From the first line to the last, return the data exactly, with no pictures.

-------- GIVEN MATERIAL --------

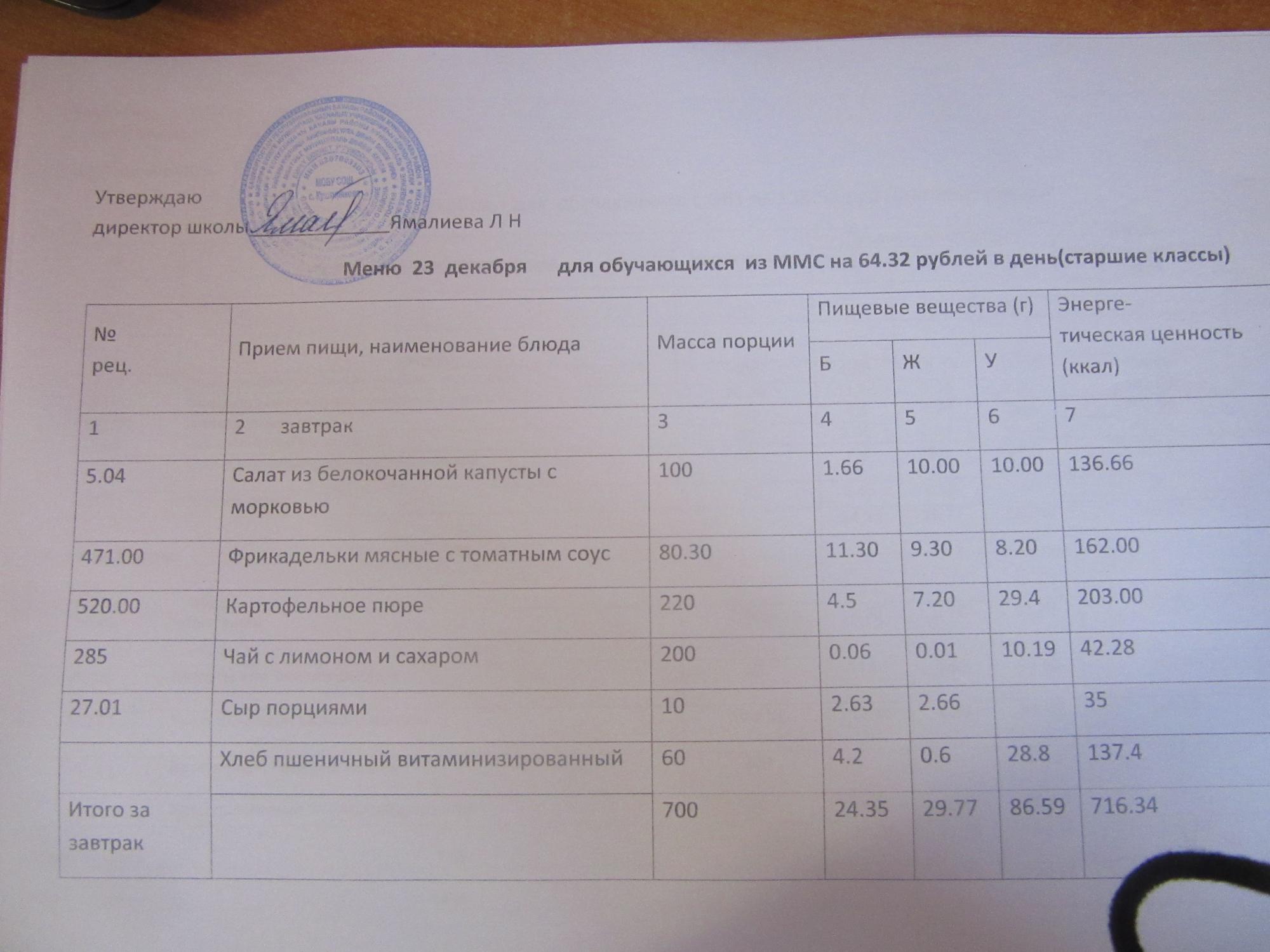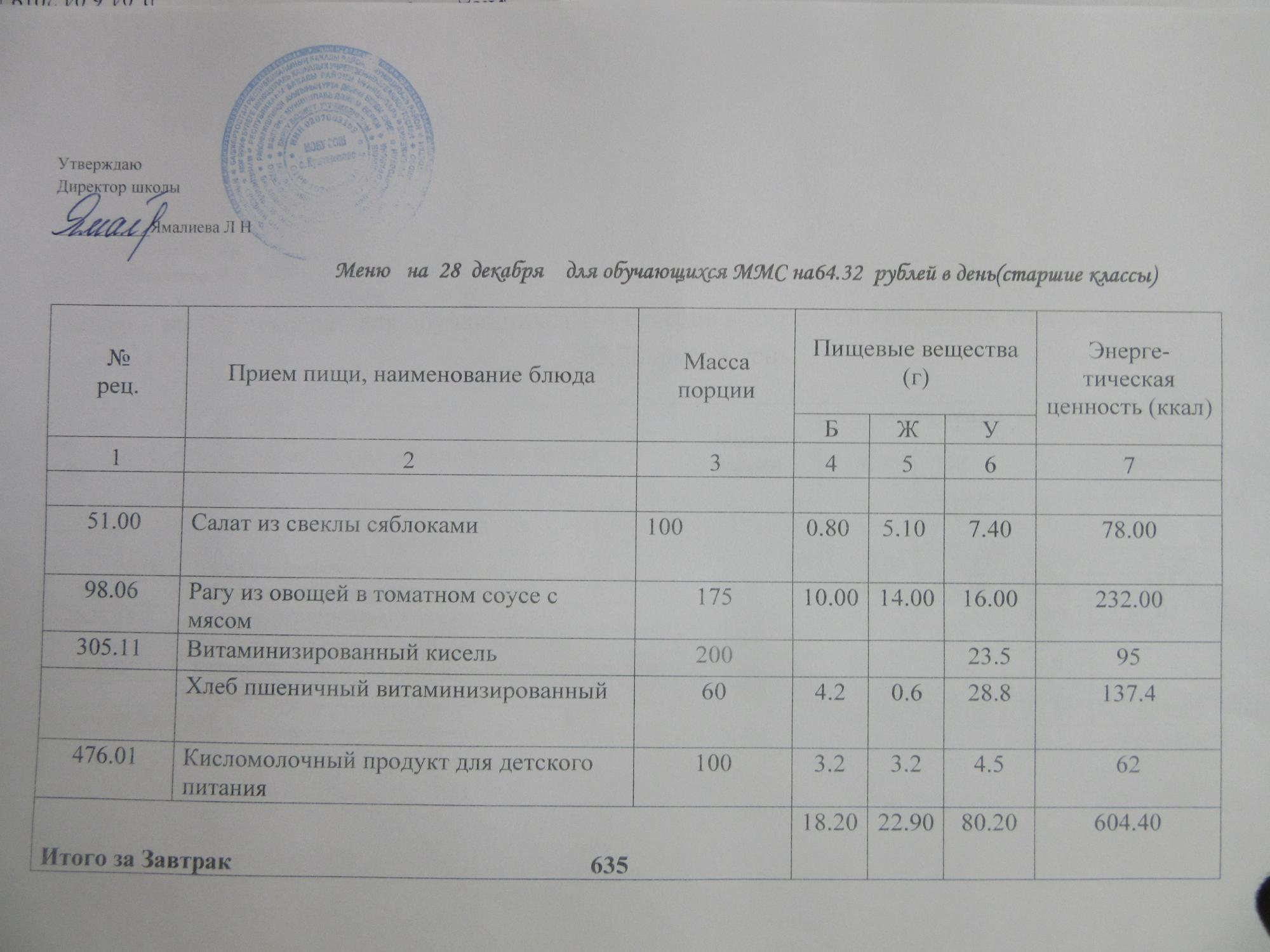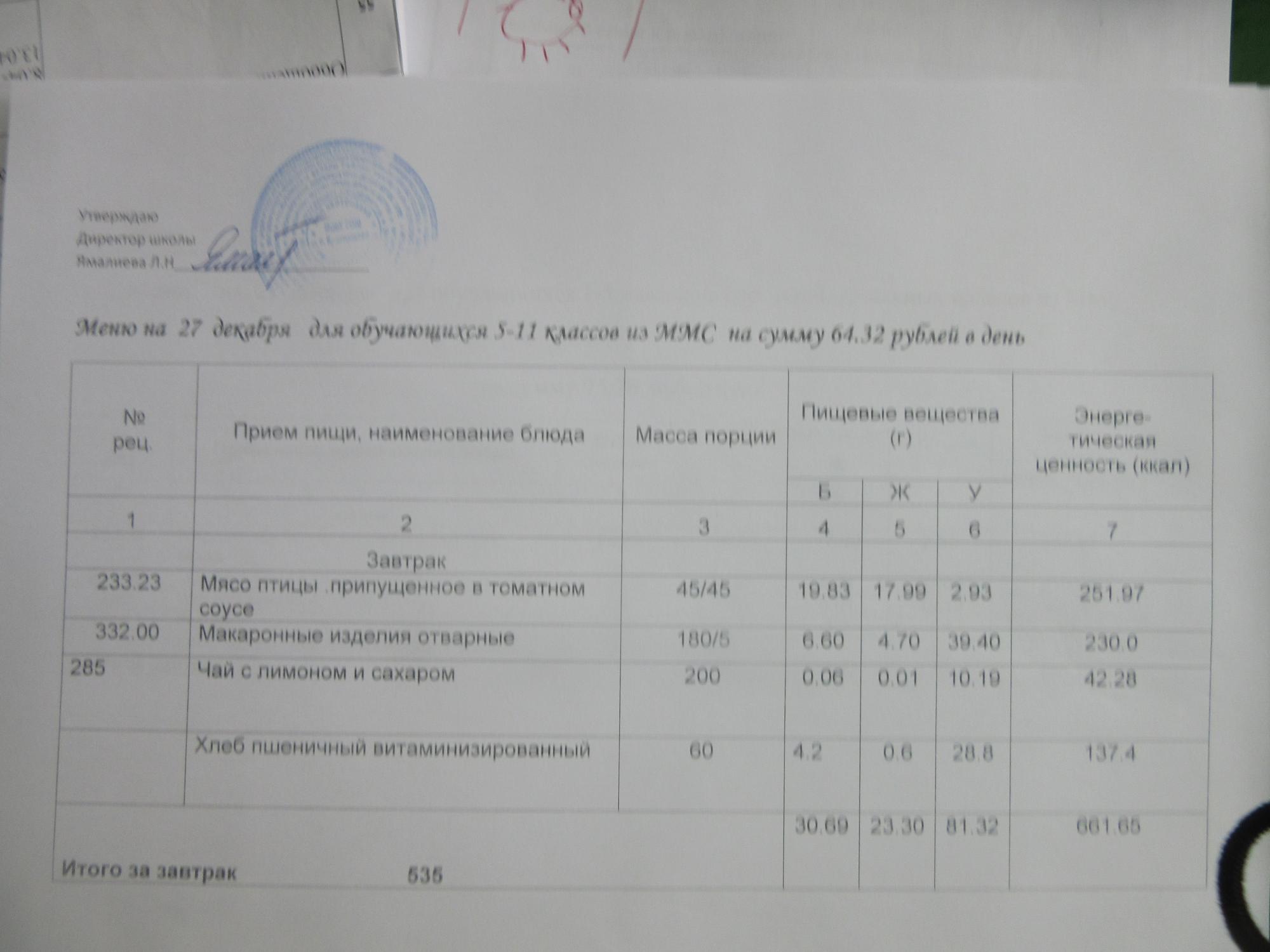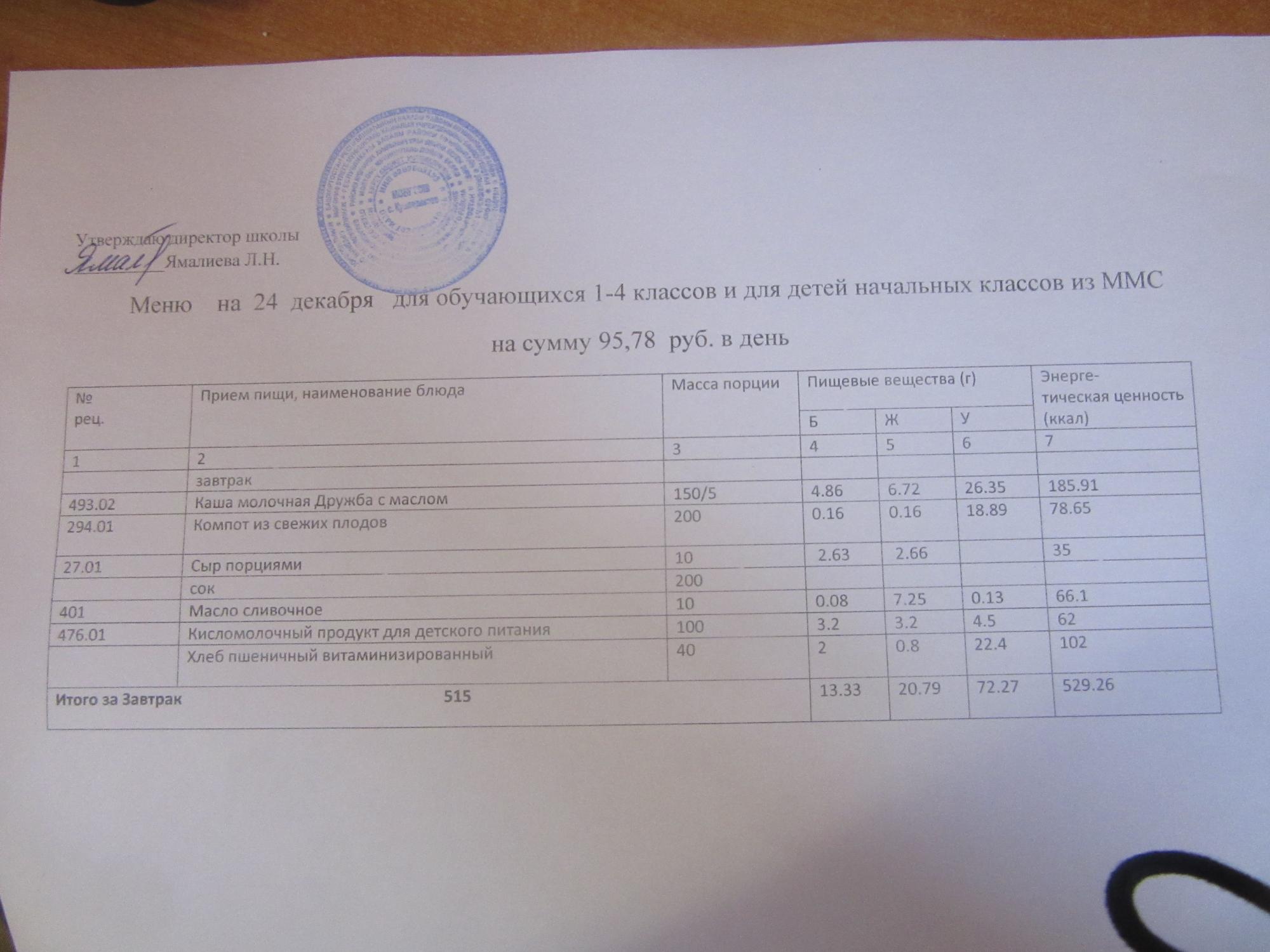 (ММС (старшие классы), РП, завтрак ОВЗ )
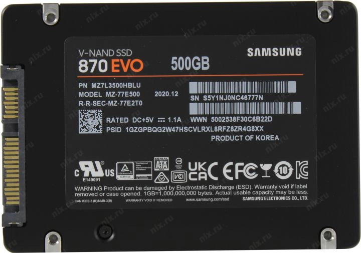 Твердотельный накопитель (SSD) 500 Gb SATA 6Gb/s Samsung 870 EVO <MZ-77E500BW> (RTL) 2.5" V-NAND 3bit-MLC
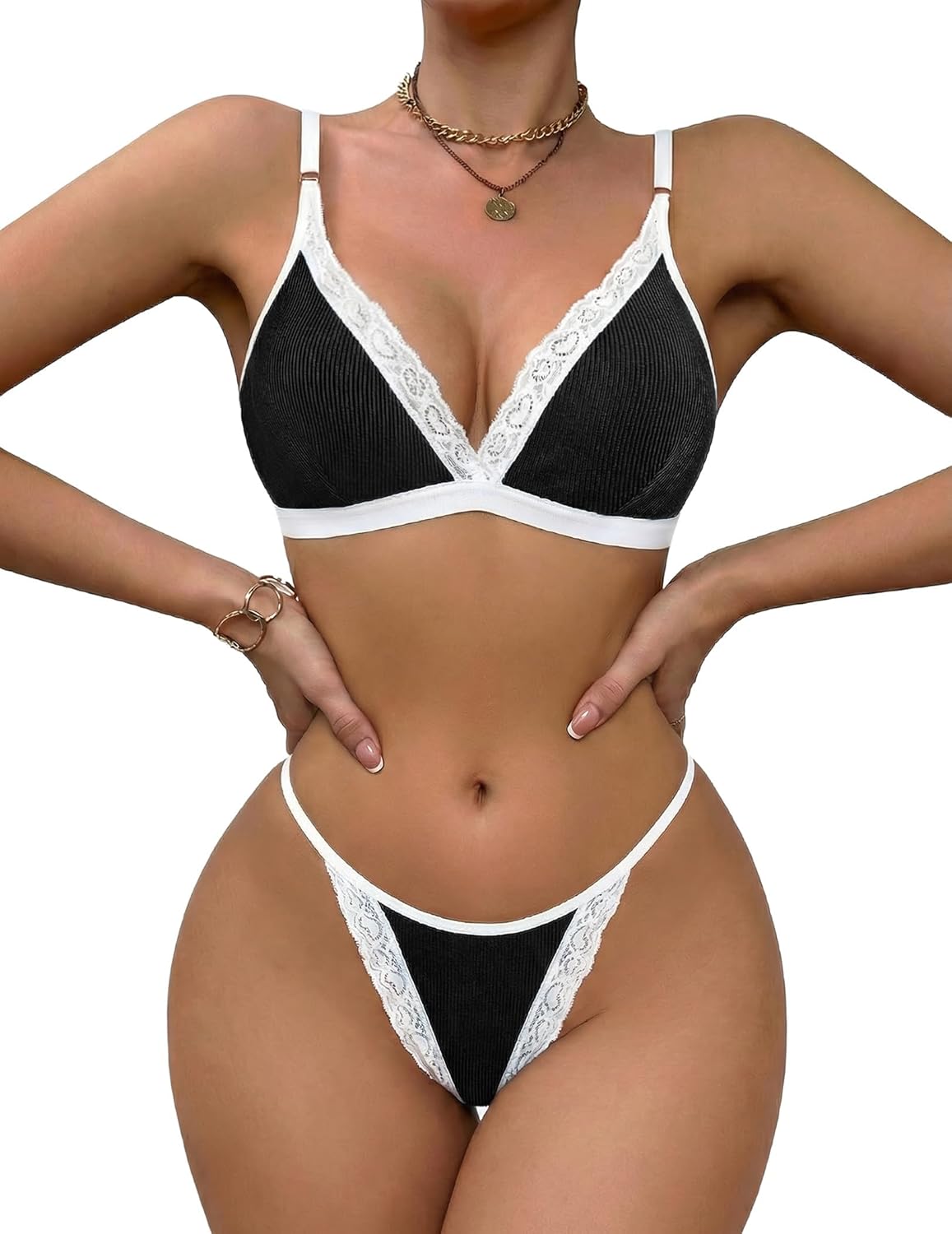 Avidlove Lingerie Sets for Women Sexy Ribbed Bra and Pany Set with Lace Trim 2 Pieces Bralettes Lingerie Outfits
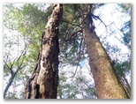 墓地から5分ほど登ると、尾根上に2本の大きなモミが門のように立っていました。その1本は枯れています。一般登山道なら危険木として、すぐに伐られるでしょう。この尾根はなかなかに急峻で、落ち葉に足を乗せるとズルズルと滑ります。こうなるのをある程度予想してはきましたが、思いのほか難儀しました。山慣れしていない人とこの山に登るのなら、落ち葉の少ない季節がお奨めです。やがて尾根の勾配が緩み、尾根上にどっしりと立つ大モミが次々と現れました。

--------

ANSWER AREA:
 (ММС (старшие классы), РП, завтрак ОВЗ )
 Твердотельный накопитель (SSD) 500 Gb SATA 6Gb/s Samsung 870 EVO <MZ-77E500BW> (RTL) 2.5" V-NAND 3bit-MLC
 Avidlove Lingerie Sets for Women Sexy Ribbed Bra and Pany Set with Lace Trim 2 Pieces Bralettes Lingerie Outfits
 墓地から5分ほど登ると、尾根上に2本の大きなモミが門のように立っていました。その1本は枯れています。一般登山道なら危険木として、すぐに伐られるでしょう。この尾根はなかなかに急峻で、落ち葉に足を乗せるとズルズルと滑ります。こうなるのをある程度予想してはきましたが、思いのほか難儀しました。山慣れしていない人とこの山に登るのなら、落ち葉の少ない季節がお奨めです。やがて尾根の勾配が緩み、尾根上にどっしりと立つ大モミが次々と現れました。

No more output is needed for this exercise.